This repo is a revival of the Brics parser and grammar analyzer, described in this paper:
Brabrand, Claus, Robert Giegerich, and Anders Møller. "Analyzing ambiguity of context-free grammars." Science of Computer Programming 75.3 (2010): 176-191.
https://doi.org/10.1016/j.scico.2009.11.002
The purpose of the revival is to study the code and the algorithms used to detect grammar ambiguity.
As far as the code goes, I'm not sure where I found it on the internet. I had to modify the code to work with Java v24, and extended it in a couple of ways to debug the code. The original code is checked in here as a .zip file.
To get it to run, use VSCode: cd grammar.sources; code . You may need to modify class paths, etc.,
but the VSCode config is set up to debug and parse a palindromes.cfg grammar example.
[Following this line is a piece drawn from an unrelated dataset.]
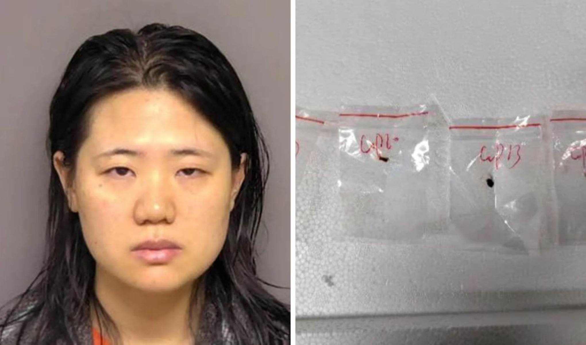 Yunqing Jian e as amostras do fungo apreendidas no aeroporto de Detroit - (crédito: Departamento de Justiça dos Estados Unidos)

Example grammars are here: https://www.brics.dk/grammar/examples.html
There are a few idiosyncrasies with this code.
-
The parser only computes an abstract syntax tree if every right-hand-side symbol of a rule is attributed, using
[ foobar ]after a nonterminal or terminal symbol. Apparently, the code looks for explicitly named symbols. Otherwise, the code just parses and returns a mostly empty tree. -
There are both graphical and command-line interfaces. In addition, there's a web server for running the code. However, I found both the graphical and web server UI cumbersome to use, especially when trying to perform "edit/compile/run/debug" development. So I used the command-line interface mostly. In addition, I couldn't get all the files to compile due to ancient dependencies that I couldn't figure out. So, I just punted on these.
-
I had to change quite a bit of the code, renaming
Sometype varN, whereNis some integer, into a realistic, purposeful name. I couldn't debug and fix the code otherwise. It seems strange that variable names arevarN, likely the result of generating Java code from another language, or because of purposeful obfuscation. -
Parser.parse()computes only a single AST for an ambiguous parse. Again, this seems rather strange because the parser algorithm could easily handle this and because the code also checks for grammar ambiguity via the heuristics described in the paper. -
I found the
print()method for printing an AST to be impossible to read. So, I wrote the routinemyprint()to print the AST as an indented structure, using the names of the nodes of the nonterminals. This output is much simpler to visualize and check the tree structure. -
The parser appears to be an implementation of the Earley algorithm. Some of the basic functions for First and Follow have been renamed to reflect that purpose.